The intrinsic matrix containing 5 intrinsic parameters. These parameters encompass focal length, image format, and principal point. The parameters ${\displaystyle \alpha _{x}=f\cdot m_{x}}$ and ${\displaystyle \alpha _{y}=f\cdot m_{y}}$ represent focal length in terms of pixels, where ${\displaystyle m_{x}}$ and ${\displaystyle m_{y}}$ are the scale factors relating pixels to distance. ^[1]

Nonlinear intrinsic parameters such as lens distortion are also important although they cannot be included in the linear camera model described by the intrinsic parameter matrix.

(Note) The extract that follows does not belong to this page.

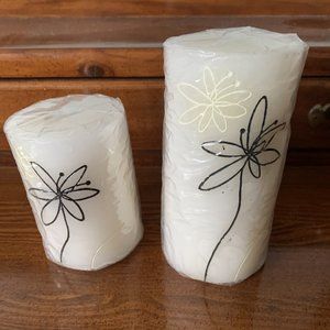 Beautiful candles in white with black and white flowers. 6 inch and 4 inch. Small dent on large one from storage. Wrapped in plastic

Many modern camera calibration algorithms estimate these intrinsic parameters as well.

${\displaystyle {\textbf {R}},T}$ are the extrinsic parameters which denote that coordinate system transformations from 3D world coordinates to 3D camera coordinates. Equivalently, the extrinsic parameters define the position of the camera center and the camera's heading in world coordinates (although T is not the position of the camera).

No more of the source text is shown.